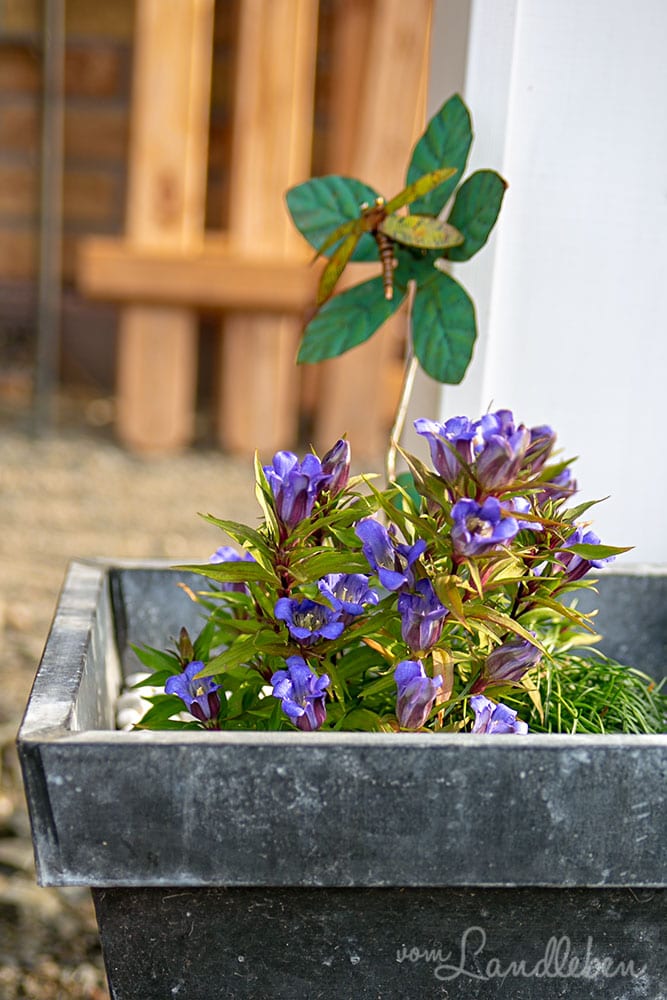 Besonders gefreut habe ich mich übrigens über die vielen Blüten an meinem Sorgenkind, dem Enzian. Den hatte ich vor zwei Jahren aus Mitleid gekauft, als er halb verkümmert auf dem berühmten Reduziert-Regal im Pflanzencenter stand. Zuerst hatte ich ihn an den Rand der Mulde gepflanzt, dort gefiel es ihm aber so überhaupt gar nicht.
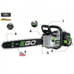 Cette tronçonneuse EGO, référence 060580, est équipée d'un tendeur de chaîne sans outil. Elle possède également un protège-main avec frein de chaîne.
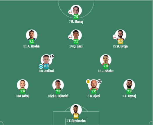 Ylli i mesfushës, u vlerësua me notën 8.3 nga faqja e specializuar e statistikave “Sofa Score”, ndërkohë që podiumin e plotësojnë Juljan Shehu me notën 7.9 dhe Berat Gjimshti me 7.8.
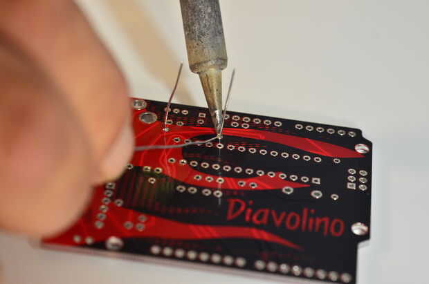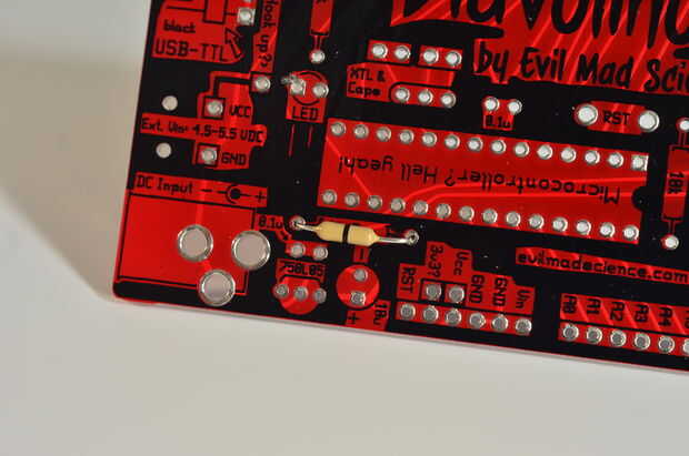 Vanaf nu heb je de Diavolino handleiding la puja (bijlage). Hierop staan alle Diavolino piezas uitgelegd. Pak nu en het PCB plaats de weerstand en de daarvoor bedoelde gaatjes.
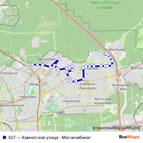 Bus 627 - Камчатская улица - Мясокомбинат Schedule in Moscow
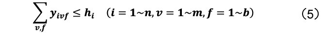 式(4)及び(5)は配送先iに1台以上hi以下の車両が訪問することを示す。
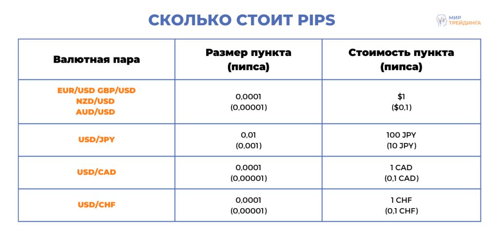 Для наглядности составим таблицу стоимости пункта и пипса (размер лота равен 0,1, то есть 10000 единиц базовой валюты).
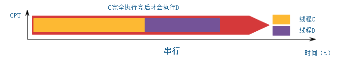 如下图所示,线程A与线程B同在一个CPU内执行,且任一t时刻内,都只有一个线程(A或者B)被执行,所以线程A与线程B是并发执行的。线程C和线程D分别在两个CPU内执行,且在某一个t时刻内同时都在执行,所以线程C和线程D是并行的。
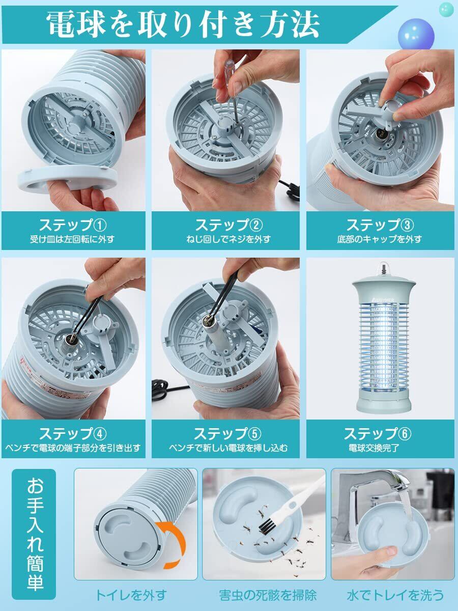 【パッケージト内容・ご注意】パッケージには電撃殺虫器本体×1、S型フック ×1、日本語説明書、掃除ブラシ×1、予 備電球×1、ねじ回し×1が含まれています。ご注意:1.ライトの最適作業時間は3000時間以内となっております。 3000時間過ぎる場合はライトをしてください。 方法につきましては、画像までご確認ください。2.本製品は 屋内専用です。屋外に設置したり、屋外で使用したままにしないでください。故障の原因となります。本品は防水仕様で はありませんので、雨や水滴のかかる場所、多湿の場所では使用しないでください
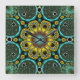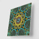 Relógio Quadrado Flor Fractal Azul e Dourada
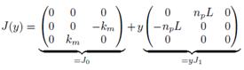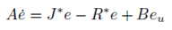 Se define el error de seguimiento e = x – x*, el error de la entrada de control eu = u−u*, y el error de la entrada de la perturbación eh = h − h* y tomando en cuenta que J(y) = J0 + yJ1, entonces:

════════════════════

The lines from the one containing "式(4)及び(5)は配送先iに1台以上hi以下の車両が訪問することを示す。" through the last line of the records are what you should copy, word for word and nothing else, with pictures left out.

 式(4)及び(5)は配送先iに1台以上hi以下の車両が訪問することを示す。
 Для наглядности составим таблицу стоимости пункта и пипса (размер лота равен 0,1, то есть 10000 единиц базовой валюты).
 如下图所示,线程A与线程B同在一个CPU内执行,且任一t时刻内,都只有一个线程(A或者B)被执行,所以线程A与线程B是并发执行的。线程C和线程D分别在两个CPU内执行,且在某一个t时刻内同时都在执行,所以线程C和线程D是并行的。
 【パッケージト内容・ご注意】パッケージには電撃殺虫器本体×1、S型フック ×1、日本語説明書、掃除ブラシ×1、予 備電球×1、ねじ回し×1が含まれています。ご注意:1.ライトの最適作業時間は3000時間以内となっております。 3000時間過ぎる場合はライトをしてください。 方法につきましては、画像までご確認ください。2.本製品は 屋内専用です。屋外に設置したり、屋外で使用したままにしないでください。故障の原因となります。本品は防水仕様で はありませんので、雨や水滴のかかる場所、多湿の場所では使用しないでください
 Relógio Quadrado Flor Fractal Azul e Dourada
 Se define el error de seguimiento e = x – x*, el error de la entrada de control eu = u−u*, y el error de la entrada de la perturbación eh = h − h* y tomando en cuenta que J(y) = J0 + yJ1, entonces:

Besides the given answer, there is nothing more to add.